◆ **TASK DIRECTIONS**
Leave out the images; return the rest of the data exactly.

◆ **DATASET EXCERPT**
= = =

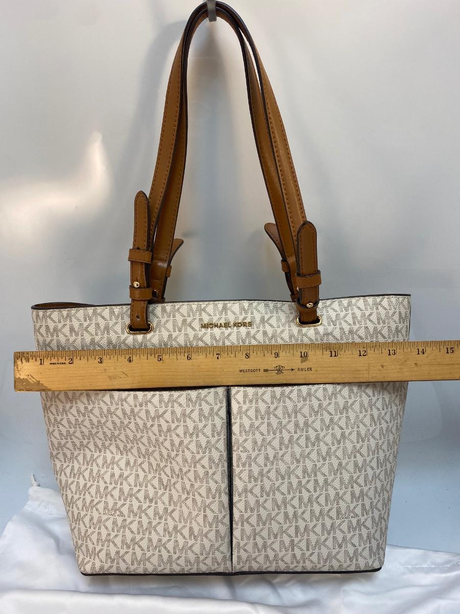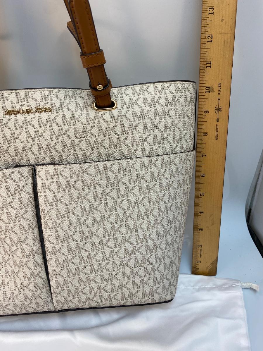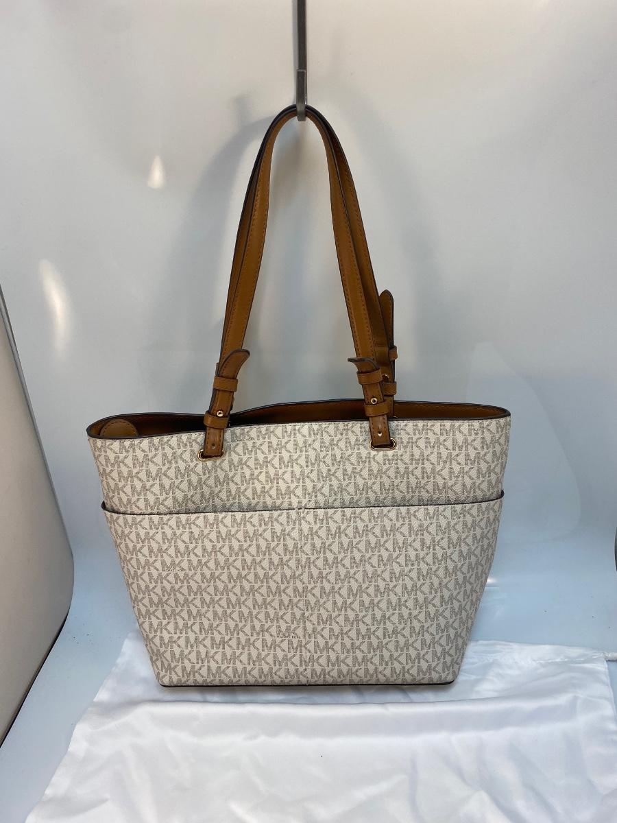 Michael Kors Signature MK Pattern White & Beige Handbag Purse. In good previously used condition. Still has original sales tag attached but it has been used. Comes with dust protection storage bag.
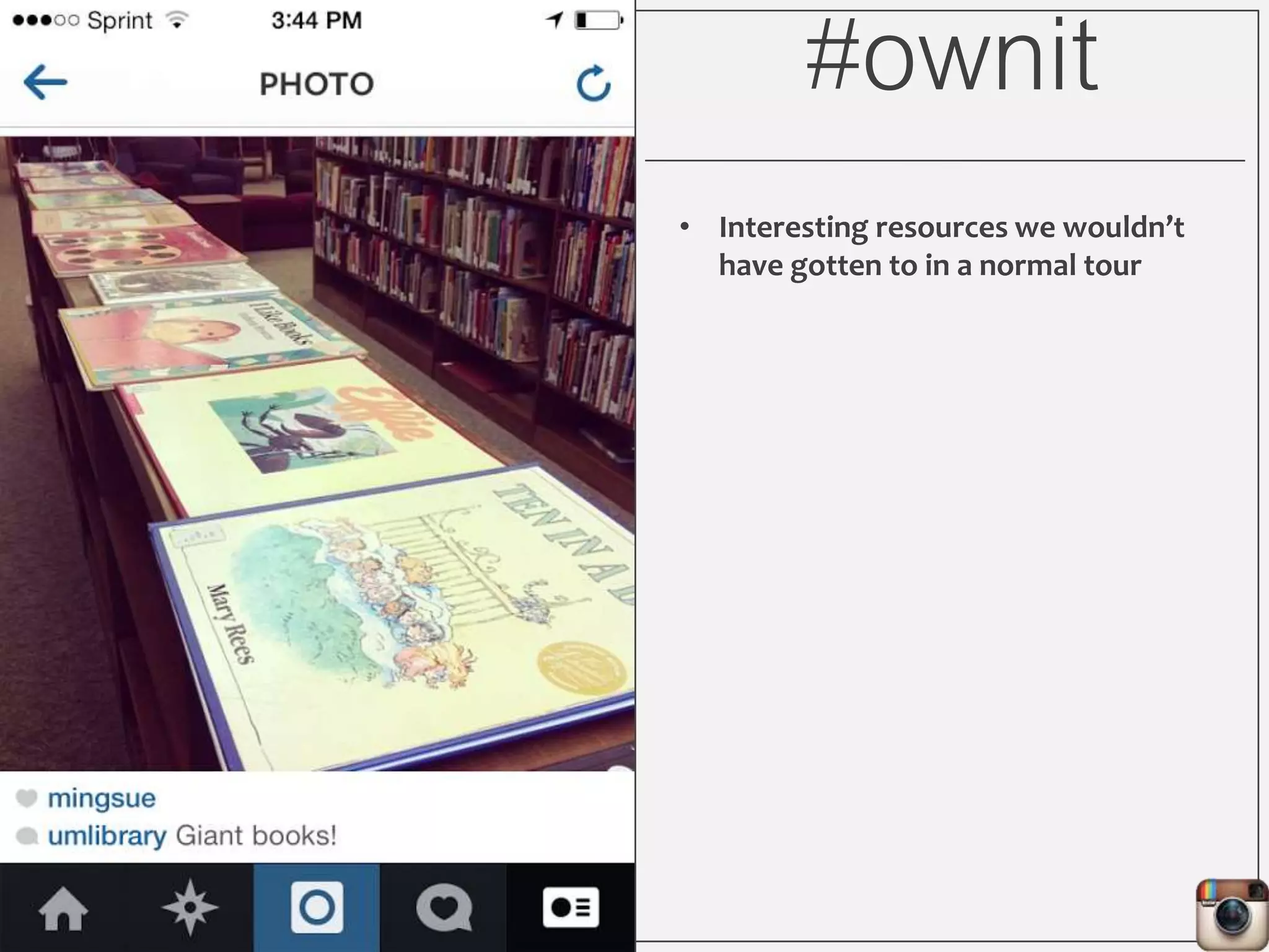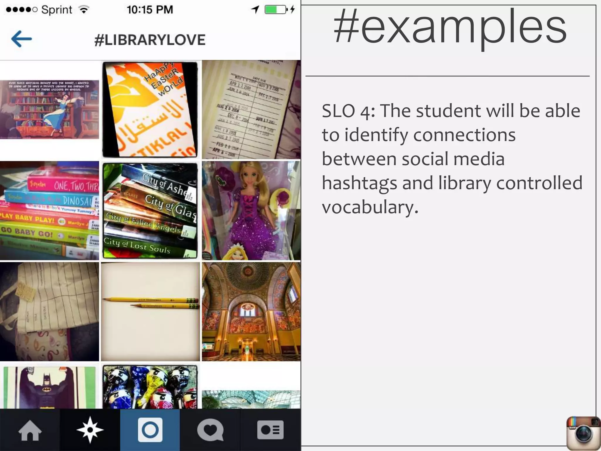 This document outlines Lauren Wallis' presentation on using Instagram for library instruction. She describes how she developed an Instagram library tour for freshman English students to make the experience fun, social, and student-guided. Wallis discusses the concepts of library anxiety, active learning, critical pedagogy, and metaliteracy that informed the project. She provides examples of student posts that addressed the learning outcomes and assessments that showed what students learned and still had questions about.
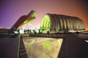除了“火墻”外,創(chuàng)意部門還曾設(shè)想過如音樂噴泉一般的音控火炬,讓火焰呈現(xiàn)五環(huán)的色彩,對這些創(chuàng)意,專家們都進行了技術(shù)可行性研究。 “我們采用了音樂處理模塊,用計算機來適配音樂節(jié)奏和火焰高度、外形之間的關(guān)系,通過動態(tài)控制燃?xì)饬髁,就像音樂噴泉一樣,隨著音樂的節(jié)奏,讓火焰在空中起舞。但這種技術(shù)是要依托于‘火墻’設(shè)計的,‘火墻’否決了,這一方案也就被放棄! 此時,專家們已經(jīng)通過在氣體中添加各種化合物,使火焰產(chǎn)生紅、黃、藍(lán)、綠色,“五環(huán)中除了黑色,其他四色都齊了,但小流量的實驗效果還不錯,但在大流量的燃燒試驗里,添加色彩的效果就不行了,所以這種創(chuàng)意設(shè)想也沒能成功。”

= = =

◆ **OUTPUT**
 Michael Kors Signature MK Pattern White & Beige Handbag Purse. In good previously used condition. Still has original sales tag attached but it has been used. Comes with dust protection storage bag.
 This document outlines Lauren Wallis' presentation on using Instagram for library instruction. She describes how she developed an Instagram library tour for freshman English students to make the experience fun, social, and student-guided. Wallis discusses the concepts of library anxiety, active learning, critical pedagogy, and metaliteracy that informed the project. She provides examples of student posts that addressed the learning outcomes and assessments that showed what students learned and still had questions about.
除了“火墻”外,創(chuàng)意部門還曾設(shè)想過如音樂噴泉一般的音控火炬,讓火焰呈現(xiàn)五環(huán)的色彩,對這些創(chuàng)意,專家們都進行了技術(shù)可行性研究。 “我們采用了音樂處理模塊,用計算機來適配音樂節(jié)奏和火焰高度、外形之間的關(guān)系,通過動態(tài)控制燃?xì)饬髁,就像音樂噴泉一樣,隨著音樂的節(jié)奏,讓火焰在空中起舞。但這種技術(shù)是要依托于‘火墻’設(shè)計的,‘火墻’否決了,這一方案也就被放棄! 此時,專家們已經(jīng)通過在氣體中添加各種化合物,使火焰產(chǎn)生紅、黃、藍(lán)、綠色,“五環(huán)中除了黑色,其他四色都齊了,但小流量的實驗效果還不錯,但在大流量的燃燒試驗里,添加色彩的效果就不行了,所以這種創(chuàng)意設(shè)想也沒能成功。”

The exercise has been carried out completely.